COLUMBUS, Ga. (AP) – Retired U.S. District Judge J. Robert Elliott, who overturned the conviction of Army Lt. William Calley in the 1968 My Lai massacre but was later overruled by an appeals court, died Tuesday. He was 96.

Elliott was the nation’s oldest federal district judge when he ended his 38-year career in 2000.

Calley was convicted in a 1971 court-martial of killing 22 civilians as part of the massacre of hundreds of men, women and children in the Vietnamese village of My Lai. He was the only man convicted in the case, which became a focal point of Vietnam protests.

In overturning the conviction in 1974, Elliott said there the case was prejudiced by pretrial publicity, Calley was denied access to evidence, and President Nixon had “publicly aligned himself with the prosecution.”
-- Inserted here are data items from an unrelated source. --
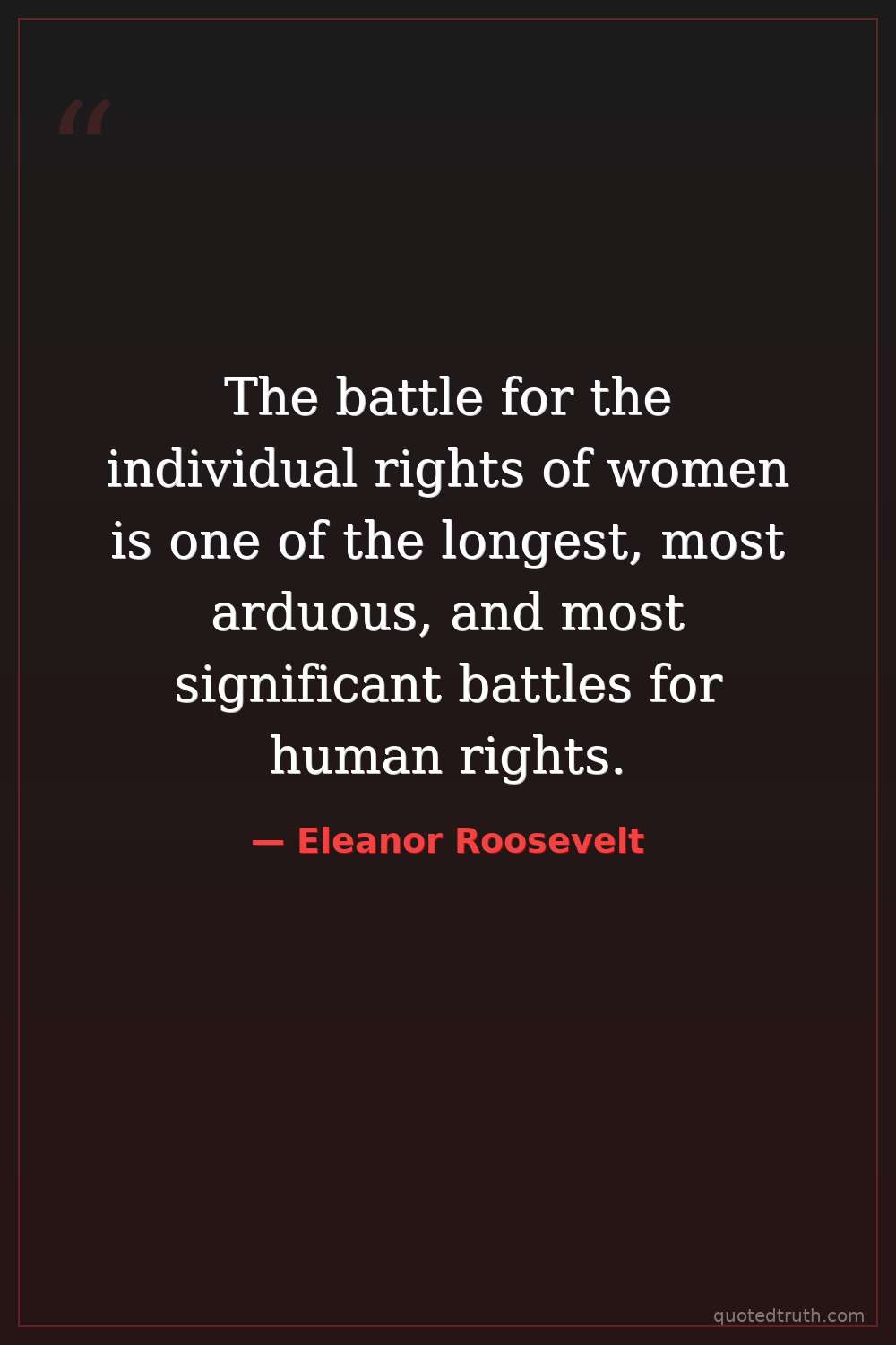 The battle for the individual rights of women is one of the longest, most arduous, and most significant battles for human rights.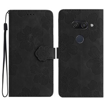 Για LG K50 λουλούδι ανάγλυφο μοτίβο δερμάτινη θήκη τηλεφώνου (μαύρο)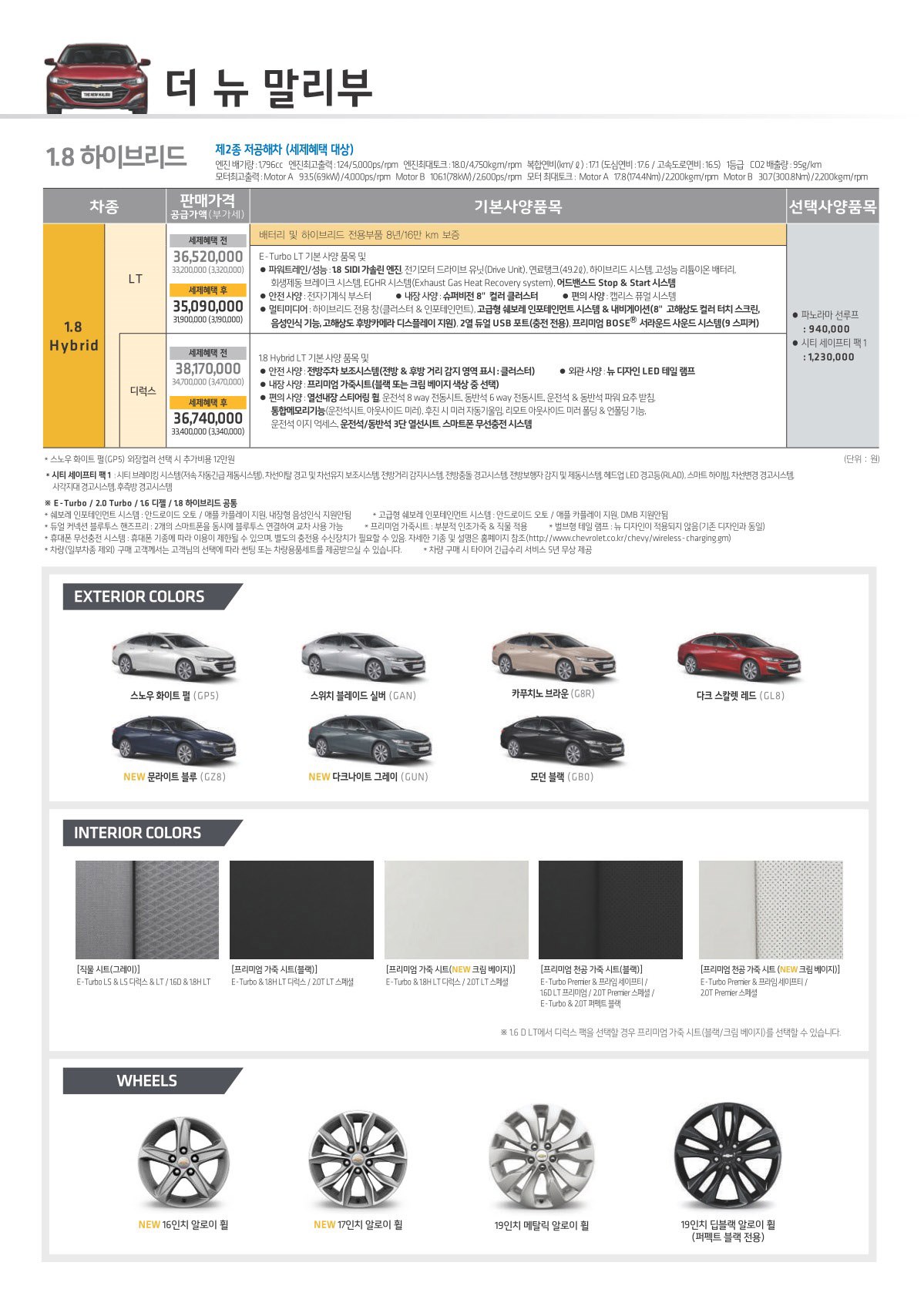 2019년 4월 말리부 가격표 (하이브리드 출시)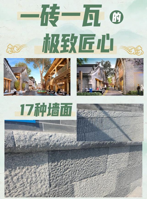 在15個院落采用了17種墻面,其中僅有5種墻面采用了新磚,這不僅體現(xiàn)了對審美的高標準,也反映了項目對材質(zhì)和施工工藝的嚴格要求。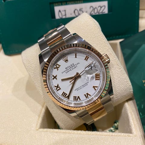 Brukt Rolex Datejust 116233, i veldig god stand, med en vakker champagnefarget urskive med romertall, komplett sett.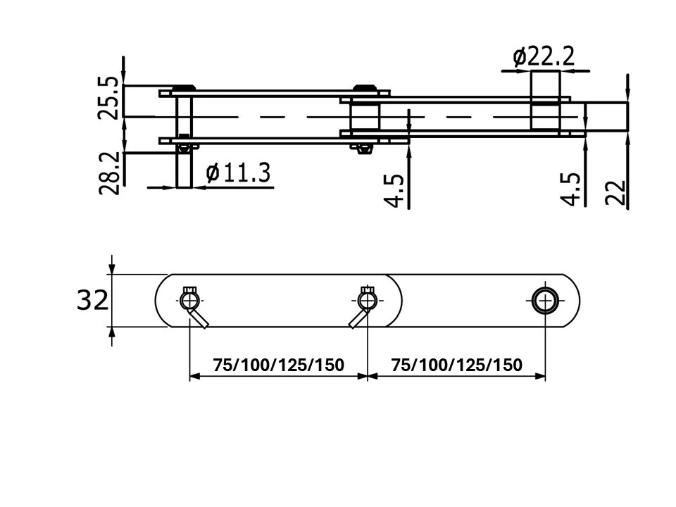 RF05系列大節距輸送鏈條(RF05075 / RF05100 / RF05125等)

Calley served just three years of house arrest before his conviction was overturned by Elliott. The conviction was later reinstated by the 5th U.S. Circuit Court of Appeals, and the U.S. Supreme Court declined to hear Calley’s appeal, but Calley was not returned to confinement.

Elliot’s tenure on the bench also put him amid the conflict over civil rights. In 1962, Elliott issued an order halting civil rights demonstrations by the Rev. Martin Luther King Jr. and others in the Georgia city of Albany.
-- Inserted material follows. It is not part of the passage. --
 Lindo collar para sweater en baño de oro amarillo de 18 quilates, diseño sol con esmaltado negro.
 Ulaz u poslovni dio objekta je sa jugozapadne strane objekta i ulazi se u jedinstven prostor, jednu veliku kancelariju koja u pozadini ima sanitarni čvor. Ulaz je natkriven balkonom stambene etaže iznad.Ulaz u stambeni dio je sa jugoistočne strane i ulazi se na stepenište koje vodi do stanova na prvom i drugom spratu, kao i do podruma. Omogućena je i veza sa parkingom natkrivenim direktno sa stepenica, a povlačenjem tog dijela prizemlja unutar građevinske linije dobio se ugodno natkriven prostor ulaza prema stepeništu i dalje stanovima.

He later said that he made the decision – subsequently overturned on appeal – because of a threat of violence against King and his supporters. But in his book “Parting the Waters: America in the King Years 1954-63,” author Taylor Branch said Elliott was a “strident segregationist.”
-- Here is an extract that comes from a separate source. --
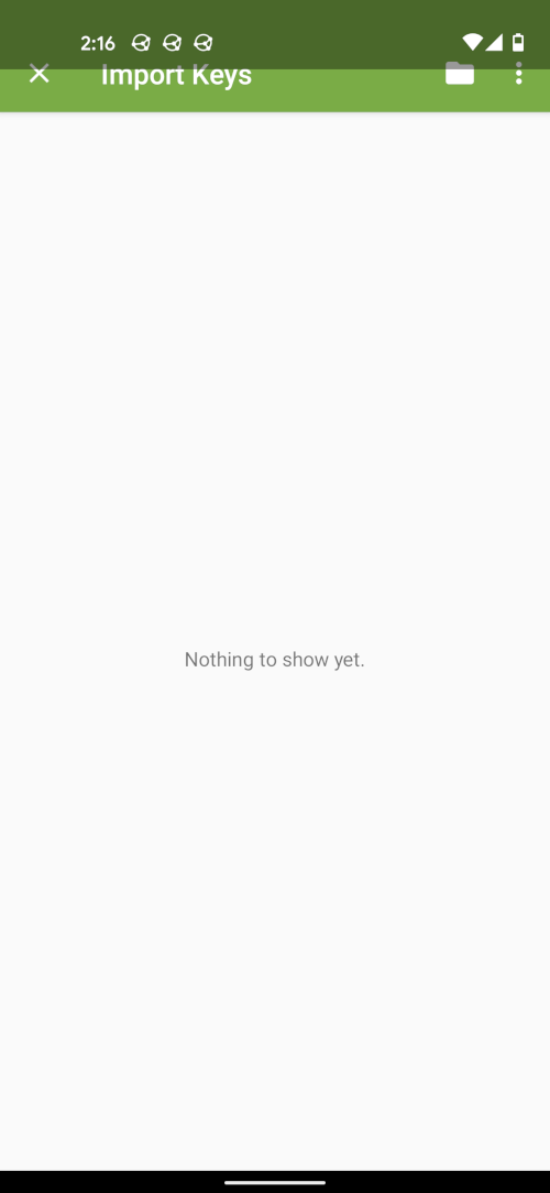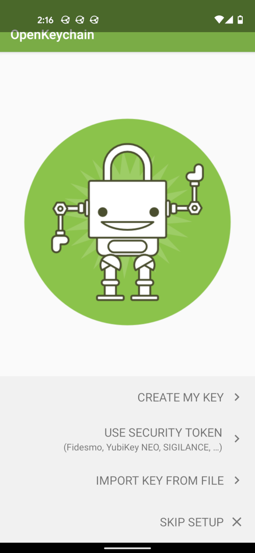 Afterwards we need an app, which can deal with gpg keys. The app I use for this is called OpenKeychain. Download it from F-Droid or the Play Store and open it. You should see the following welcome screen: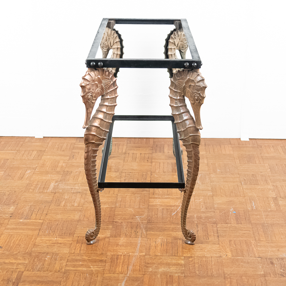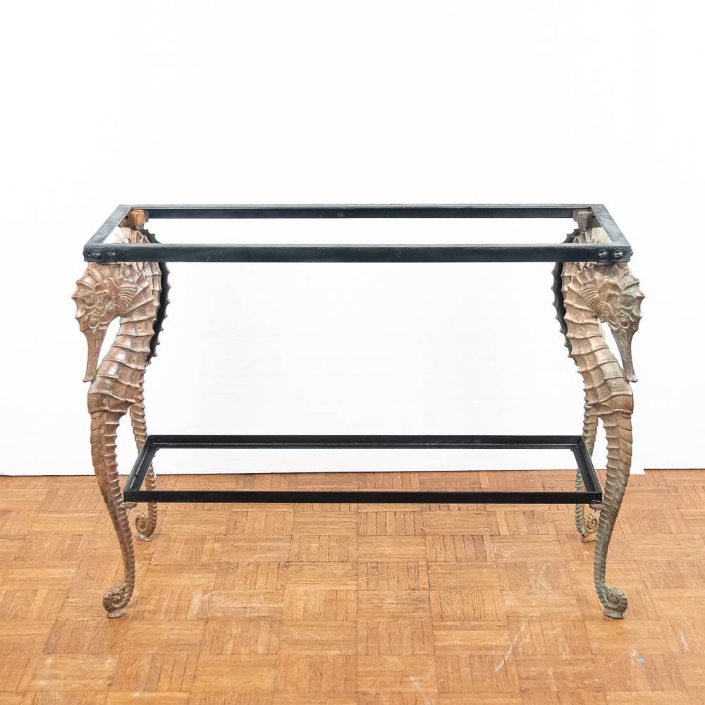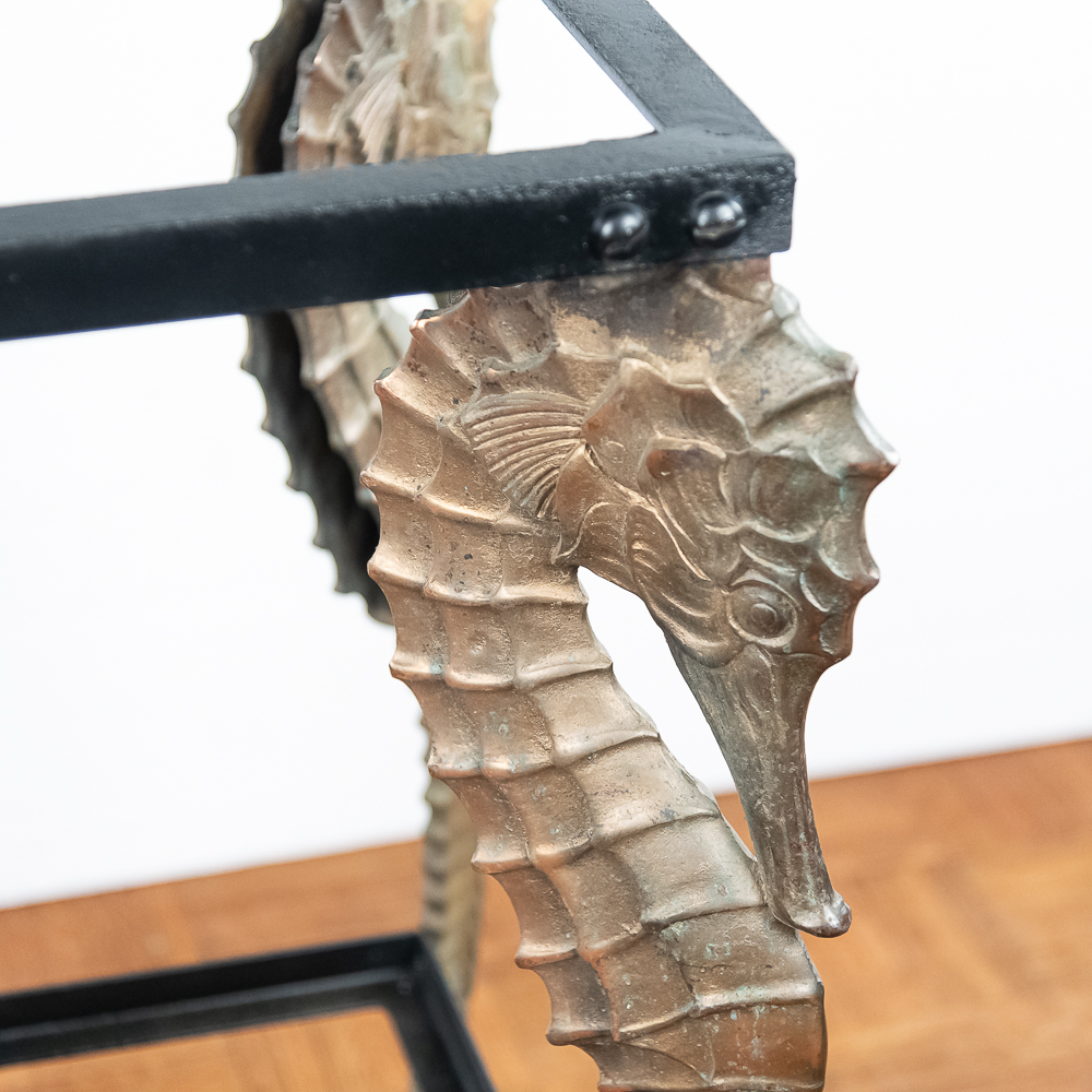 This item is designed to be the base of a sea horse aquarium but the glass aquarium is missing. It would make an interesting table by adding a glass or marble top. Made of steel angle iron with cast sea horse legs. The full aquariums routinely sell for upwards of $8,000. Measures 30″ tall, 41″ wide, 17″ deep.

Elliott was involved in another controversy in the 1990s when he handled a lawsuit against DuPont over its fungicide Benlate, which growers claimed damaged their crops. In 1996, the federal appeals court said Elliott overstepped his authority when he fined DuPont $115 million for withholding evidence.

Elliott was appointed to the bench by President Kennedy.

He served earlier in the state House and was in the Navy during World War II.